At Mexicocina, a miniscule Mexican sit-down cafe up in the Bronx, a petite electric fireplace flickers from an alcove in the back. It's dark inside, but not without charm, from the faux fireplace and the decorative glazed plates from Puebla that hang from boldy painted walls. The large menu showcases all of the standard tacos, quesadillas, tortas, and antojitos, breakfasts of chilaquiles and eggs with cactus, and larger plates served with buckets of rice, plus a few treasures.
The tacos ($2.50) showered with cilantro and diced onion are fine; the tacos mexicocina ($3.50), served on handmade tortillas, are even better. Their addition of quesillo cheese and chipotle peppers will clash with your al pastor, but not with the well-done cecina and carnitas.
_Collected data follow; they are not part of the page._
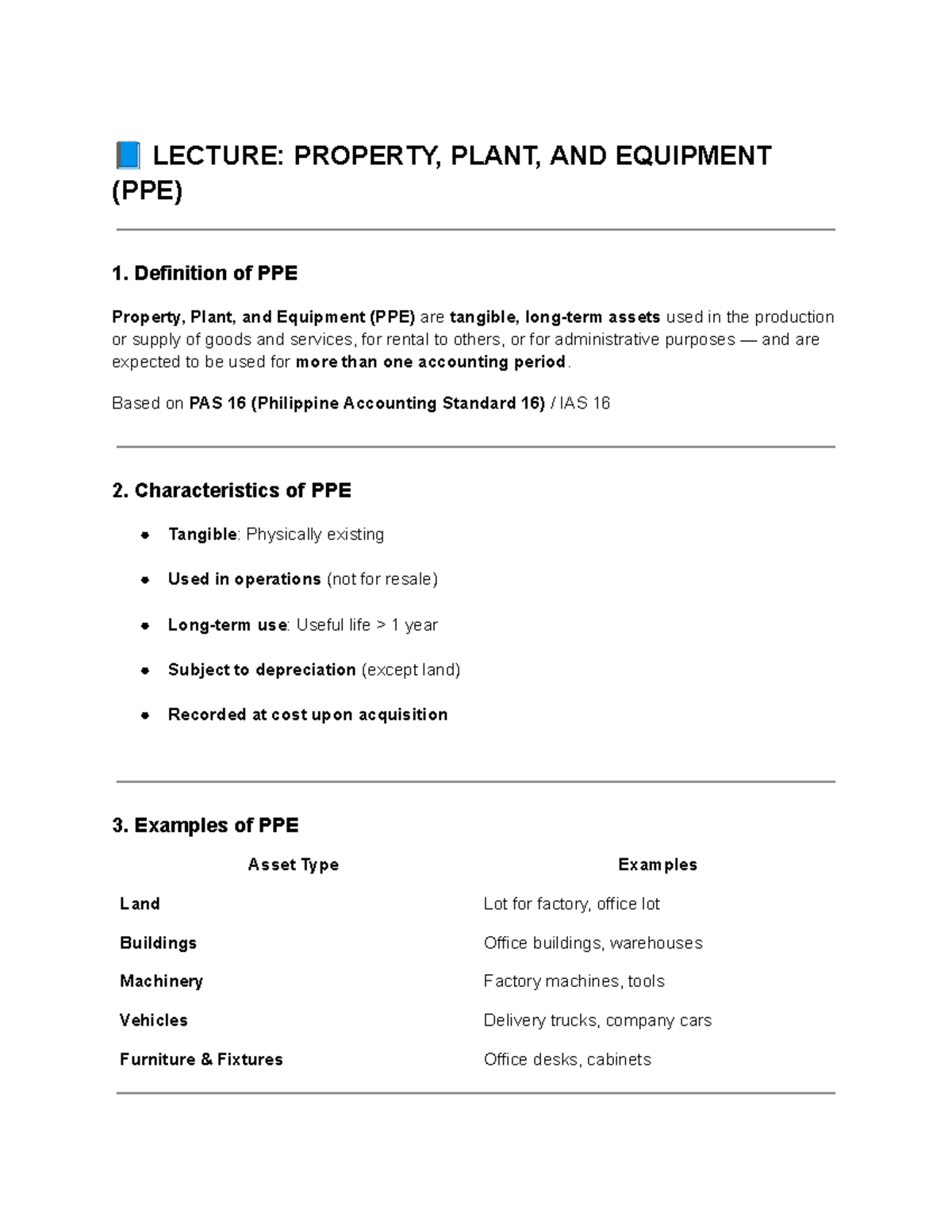 PPE 1 - Lecture Notes 3: Understanding Property, Plant, and Equipment ...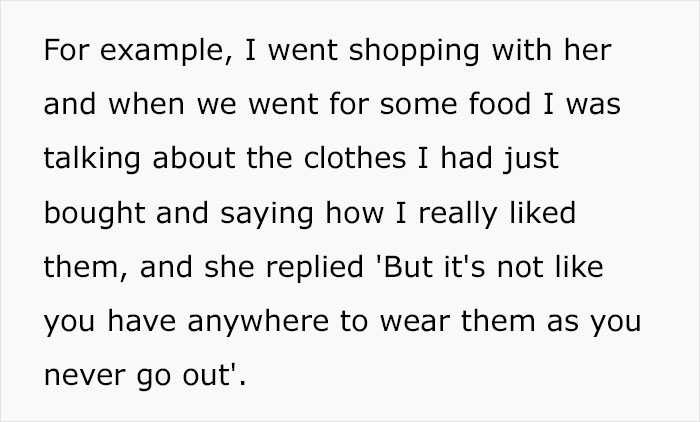 For example, during a shopping trip, the daughter showed her some newly bought clothes, to which the mom responded, “It’s not like you have anywhere to wear them as you never go out.” This left the daughter feeling hurt and judged. Everyone has different ideas of what “going-out clothes” look like, and it was simply mean for the mother to judge her choice.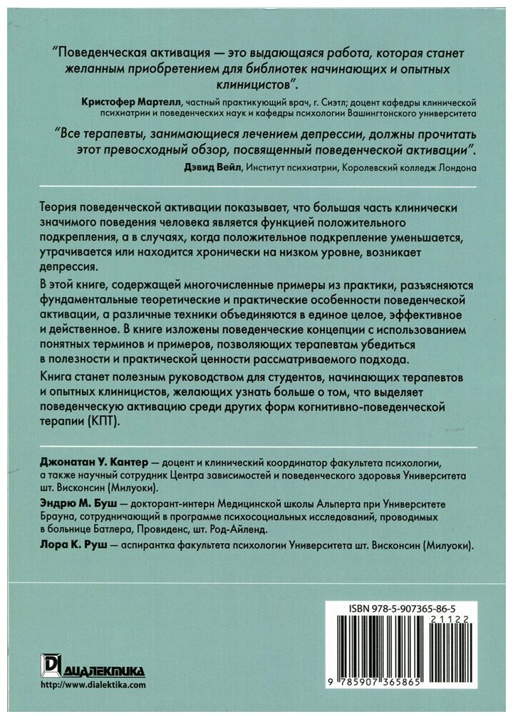 Поведенческая активация. Отличительные особенности (Кантер Джонатан; Руш Лора; Буш Эндрю); Диалектика-Вильямс, 2021

The cemitas ($8) are appropriately massive, and the picaditas ($7)—simple with just salsa and crema—carry a scarlet sauce that pricks even the most calloused palate.
Served in beautiful terracotta bowls, the dozen or so daily specials are exceptional, like the Albondigas en caldillo ($12), delicious coarsely ground meatballs concealing golden egg yolks at their centers, like an ascetic Scotch-eggs without the breading. A small pile of them sit in a chicken-rich broth, with chunks of tender potato and floating bay leaves. This is the type of home-style cooking glorified by upscale Mexican restaurants around the city and rarely seen outside of the home, the kind of dishes you scan menus for at local taquerias, hoping the cooks have taken the time to make them.
The enchiladas de borrego ($10) are thickish, coarse tortillas wrapped around pieces of lamb and coated in a chili rub that amplifies their woodsy flavor. Moistened with a tomato and tomatillo sauce, with rings of crisp white onion and bands of crema, it's a dish that would impress Diana Kennedy.
So would the costillas en salsa verde, ($12), a plate of tiny pork ribs stewed in a green salsa, a minimalist plate that belies its miles of flavor. The sauce is made from tomatillos, garlic, and chiles, their green sweetness coaxed to the forefront, while their heat, contained in the great avocado salsa, in a bowl to the side.